• Task directions: Produce a word-for-word copy of the data that follows, excluding images.

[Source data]
= Beginning of Section =

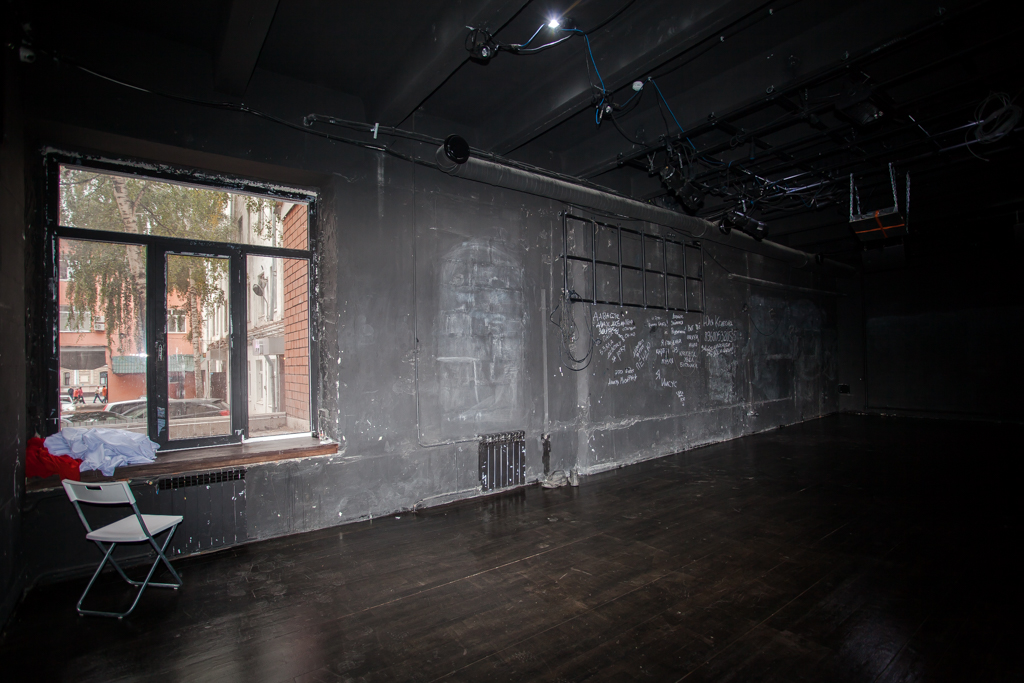 Если пройти основной зал насквозь, упрешься в большую железную дверь. За ней спрятано третье помещение. Оно одновременно служит и гримеркой для артистов, и репетиционной, и складом для декораций, и местом хранения звукового и кинооборудования, и комнатой отдыха.
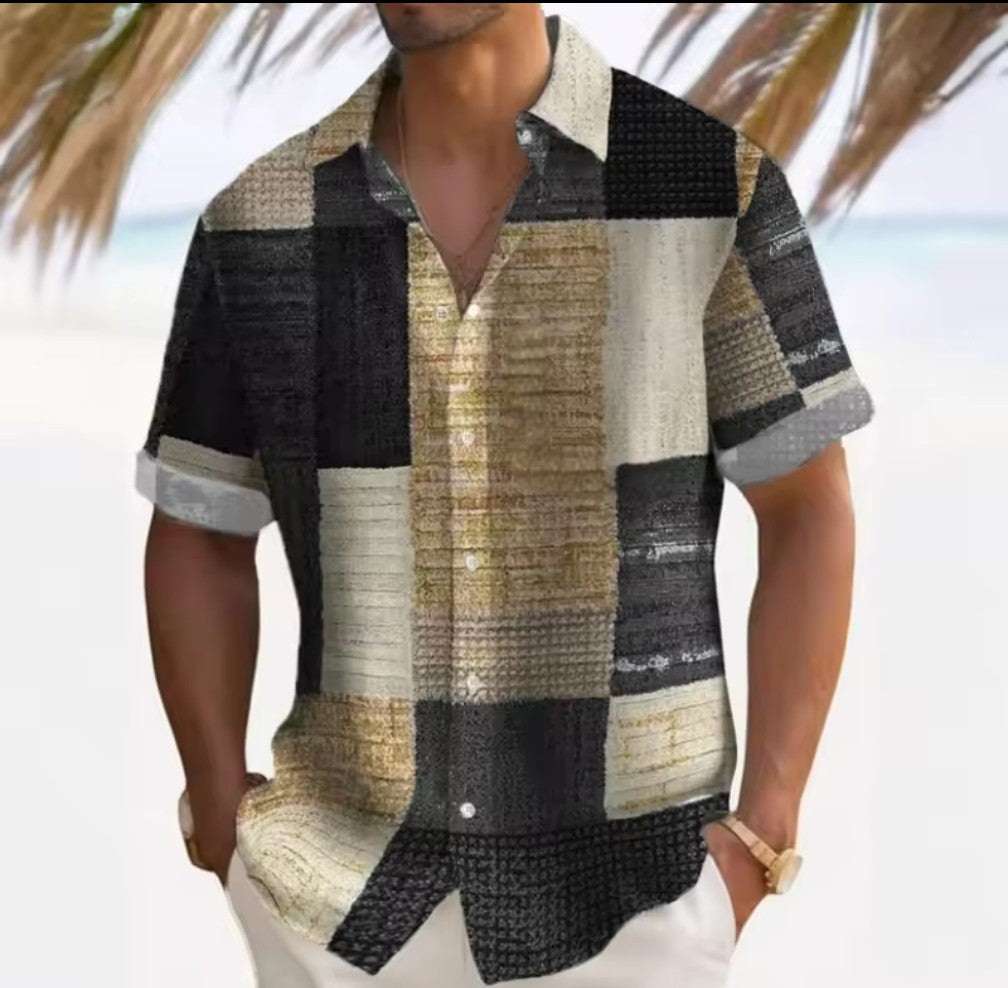 Herrskjorta Patchwork Linen Look – Sommarens statementplagg ☀️👔
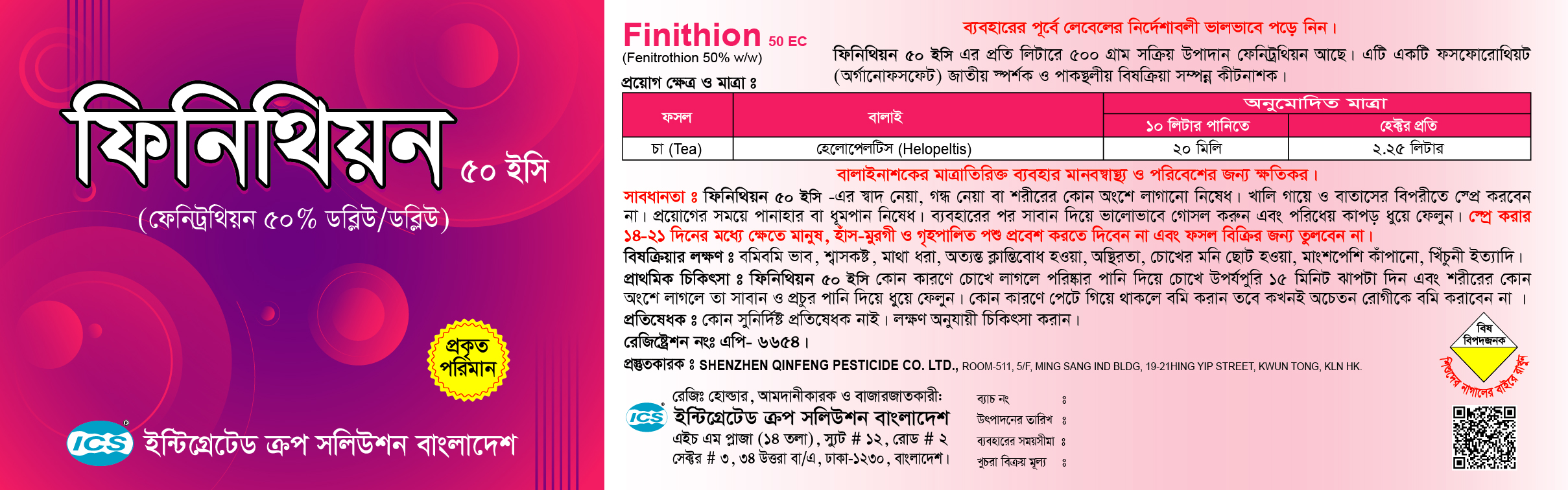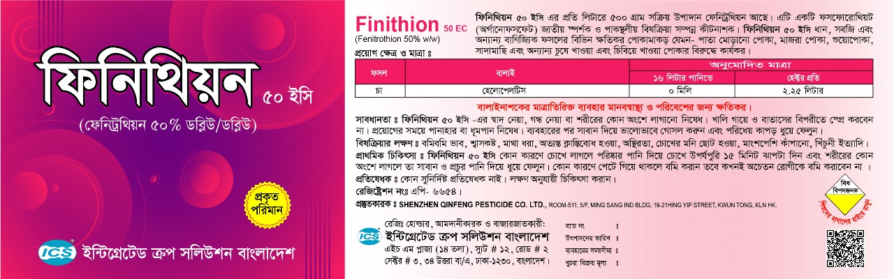 Fenithion 50EC চায়ের হেলোপেলটিস দমনে হেক্টর প্রতি ২.২৫ লিটার পানির সাথে মিশিয়ে স্প্রে করতে হবে।
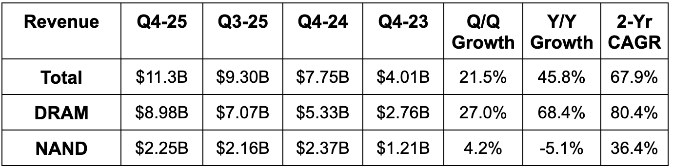 For this calendar year, Micron raised server unit growth expectations from roughly 5% to 10%. The outperformance is coming mainly on the DRAM side. Within DRAM, both traditional and AI server demand surpassed leadership expectations and contributed to this raise. While it’s interesting that traditional server demand is accelerating, that’s actually also partially related to AI. The explosion in AI agents indirectly expands usage of these legacy workloads for their own multi-step workflows. And while the agents themselves are autonomous and AI-based, they’re still using traditional software to complete work on a user’s behalf. Finally, demand for traditional server-based apps is also strengthening. So… to summarize... everything is going better than expected throughout the entire DRAM business.
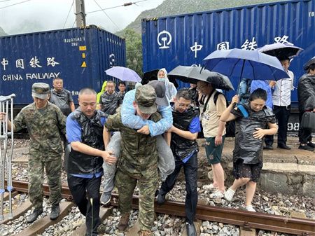 8月1日,两名旅客因为孩子需要在京就医,必须马上和医院取得联系。乘务员郭娇担心他们的安全,上午11点出发,陪着旅客穿过五个隧道,冒雨徒步近10公里,终于找到手机信号,顺利联系医院,也给家人报了平安。下午4点,三人平安回到落坡岭社区安置点。

= End of Section =

• Output:
 Если пройти основной зал насквозь, упрешься в большую железную дверь. За ней спрятано третье помещение. Оно одновременно служит и гримеркой для артистов, и репетиционной, и складом для декораций, и местом хранения звукового и кинооборудования, и комнатой отдыха.
 Herrskjorta Patchwork Linen Look – Sommarens statementplagg ☀️👔
 Fenithion 50EC চায়ের হেলোপেলটিস দমনে হেক্টর প্রতি ২.২৫ লিটার পানির সাথে মিশিয়ে স্প্রে করতে হবে।
 For this calendar year, Micron raised server unit growth expectations from roughly 5% to 10%. The outperformance is coming mainly on the DRAM side. Within DRAM, both traditional and AI server demand surpassed leadership expectations and contributed to this raise. While it’s interesting that traditional server demand is accelerating, that’s actually also partially related to AI. The explosion in AI agents indirectly expands usage of these legacy workloads for their own multi-step workflows. And while the agents themselves are autonomous and AI-based, they’re still using traditional software to complete work on a user’s behalf. Finally, demand for traditional server-based apps is also strengthening. So… to summarize... everything is going better than expected throughout the entire DRAM business.
 8月1日,两名旅客因为孩子需要在京就医,必须马上和医院取得联系。乘务员郭娇担心他们的安全,上午11点出发,陪着旅客穿过五个隧道,冒雨徒步近10公里,终于找到手机信号,顺利联系医院,也给家人报了平安。下午4点,三人平安回到落坡岭社区安置点。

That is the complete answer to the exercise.